Herzberg’s Motivation-Hygiene Theory: Based on the work of psychologist Fredrick Hertzberg, the theory seeks to understand employee satisfaction based on attitude of motivation and regards job satisfaction existing on two varying continua.

Operant Conditioning: The method of learning that examines rewards and punishment as variants to controlling behavior.

Dynamism: The general name for a varied group of philosophical views relative to various phenomena.

Social Loafing: The idea that people are susceptible to exerting less effort when in the presence of a group or team.

Attachment Theory: The theory focuses on the relationship and bond between people.

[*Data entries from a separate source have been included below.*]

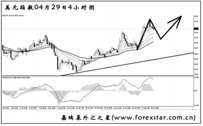 上周五美國證券交易委員會起訴高盛的事件對金融市場造成的進(jìn)一步影響短暫,本周市場再度將焦點(diǎn)放在希臘債務(wù)危機(jī)問題上。與歐洲金融市場愈發(fā)動蕩形成鮮明對比的是,美國經(jīng)濟(jì)復(fù)蘇前景更為樂觀,美元因此有望再創(chuàng)短線新高。 歐盟統(tǒng)計(jì)局上調(diào)希臘預(yù)算缺口以及穆迪下調(diào)希臘主權(quán)債務(wù)評級的消息令希臘金融市場本周再度經(jīng)歷混亂不堪的局面。面對市場擔(dān)憂情緒所造成的借貸成本不斷上升的情形,希臘總理帕潘德里歐正式請求啟動歐盟/國際貨幣基金組織共同救助機(jī)制。接下來,歐盟、國際貨幣基金組織和歐洲央行將會對這一請求進(jìn)行審核,之后待歐元區(qū)其他15個(gè)成員國批準(zhǔn)之后,救助計(jì)劃中由歐元區(qū)承諾的300億歐元救助資金才能開始向希臘提供。此前,歐盟統(tǒng)計(jì)局公布的數(shù)據(jù)顯示,希臘2009年預(yù)算赤字占GDP比例高達(dá)13.6%,這較之前希臘政府預(yù)期的12.7%高出將近1個(gè)百分點(diǎn)。更令投資者感到絕望的是,鑒于一系列原因,歐盟統(tǒng)計(jì)局還表示,對希臘的財(cái)政數(shù)據(jù)的準(zhǔn)確度持保留態(tài)度,不排除進(jìn)一步上修的可能。另外,美國穆迪投資服務(wù)公司也下調(diào)希臘主權(quán)債務(wù)評級,并表示可能會進(jìn)一步下調(diào),原因在于希臘的借款成本可能最終遠(yuǎn)超其之前的預(yù)期。穆迪將希臘主權(quán)債務(wù)的評級從“A2”下調(diào)至“A3”,較投機(jī)或“垃圾”級僅高四個(gè)級距,穆迪還將評級列入負(fù)面觀察名單。不過,市場人士仍對規(guī)模為450億歐元的援助機(jī)制存疑,因這可能無法解決希臘面臨的削減預(yù)算赤字的長期問題。 在歐洲金融市場愈發(fā)動蕩的背景下,美聯(lián)儲在結(jié)束為期兩日的會議后于北京時(shí)間4月29日凌晨宣布維持利率在0至0.25%區(qū)間不變,并再度重申利率將在較長時(shí)間內(nèi)持于異常低位,但對經(jīng)濟(jì)復(fù)蘇和就業(yè)市場的言論更為樂觀。美聯(lián)儲稱,經(jīng)濟(jì)活動持續(xù)增強(qiáng),就業(yè)市場開始改善。銀行借貸繼續(xù)收縮,但金融市場仍支持經(jīng)濟(jì)增長。對就業(yè)市場的描述較3月有所“改觀”,當(dāng)時(shí)美聯(lián)儲只不過表示,就業(yè)市場正在“趨穩(wěn)”,但美聯(lián)儲重申雇主對增加人手仍在猶豫。美聯(lián)儲重申了市場密切留意的利率可能維持異常低點(diǎn)“一段長時(shí)間”的措辭,主因低通脹和高失業(yè)率。美聯(lián)儲重申在一段時(shí)間內(nèi)通脹將可能保持溫和,因大量的資源閑置令成本壓力受限。美聯(lián)儲聯(lián)邦公開市場委員會以9:1的投票通過利率決定,堪薩斯城聯(lián)儲主席霍恩連續(xù)第三次在會議上持反對意見,他稱在較長時(shí)間內(nèi)保持利率在異常低水平的承諾不再合理,認(rèn)為這可能“造成未來的失衡”,在一段時(shí)間內(nèi)保持低利率的承諾限制了美聯(lián)儲開始小幅升息的靈活性。美聯(lián)儲重申,委員會將密切關(guān)注經(jīng)濟(jì)前景,在必要時(shí)利用政策工具促進(jìn)復(fù)蘇和價(jià)格穩(wěn)定。美聯(lián)儲稱,鑒于金融市場的功能性改善,除定期資產(chǎn)支持證券貸款工具以外已結(jié)束所有特殊流動性工具。 美元指數(shù)繼續(xù)沿日線圖的上升通道運(yùn)行,目前中線道氏理論的最后一個(gè)顯著低點(diǎn)在80.00,此位置為美元指數(shù)上漲過程中的強(qiáng)支撐。MACD發(fā)出了大角度的頂背離信號,預(yù)示多頭動能有所減弱。美元指數(shù)有向下回探通道下沿的風(fēng)險(xiǎn),但跌破的概率不大,后市再創(chuàng)新高為大概率事件。
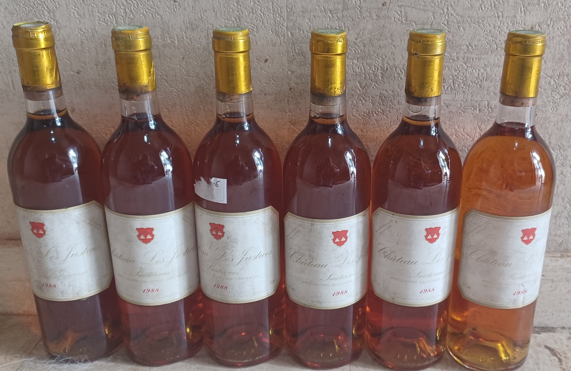 Bouteilles Sauternes , Château les Justices 1988 1BG ,Capsules sales et avec des plis. Étiquettes légèrement sales et fanées. Voir photos
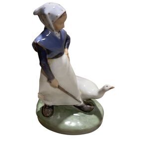 Vintage Royal Copenhagen Girl with Goose w/ Artist Monogram Porcelain Figurine
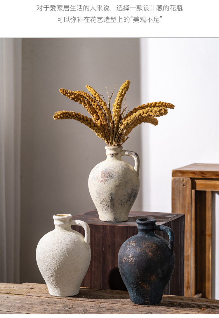 레트로 말린 꽃 꽃병 데스크탑 거실 수경 연구 호텔 홈 장식 세라믹 꽃병 꽃 냄비 수출 국경

Often referring to Bowlby as the first attachment theorist.

Authentic Leadership: From the book by Bill George, the theory rests on the prospect that leaders can be seen as genuine and “real.”

Management by Exception (MBE): The term refers to a style of business management that looks more closely at attempting to identify issues that tend to be more atypical, and thus require more care when reconciling.

Immediacy Gap: Describes the idea that the brain’s inherent functions make people more susceptible to instant rewards over the attainment of things that have more future value.

Dynamic Team Diversity Theory: A theory that attempts to explain the effects of change in team diversity on team functioning and performance relative to team composition characteristics.

Social Impact Theory: Created by theorist Latane, based on the premise of four rules regarding how people can be targets of social influence and social forces.

Eupsychian Management: A term based on Maslow’s ideas on workplaces that consists of creativity, synergy and continuous learning.

Myers Briggs: Based on the Myers-Briggs Type Indicator (MBTI), which is an introspective personality assessment which indicates psychological preferences regarding how people tend to perceive the world around them, and how they render decisions in turn.

Dilution Effect: Refers to a reduction in equity positions to the influx of new variables.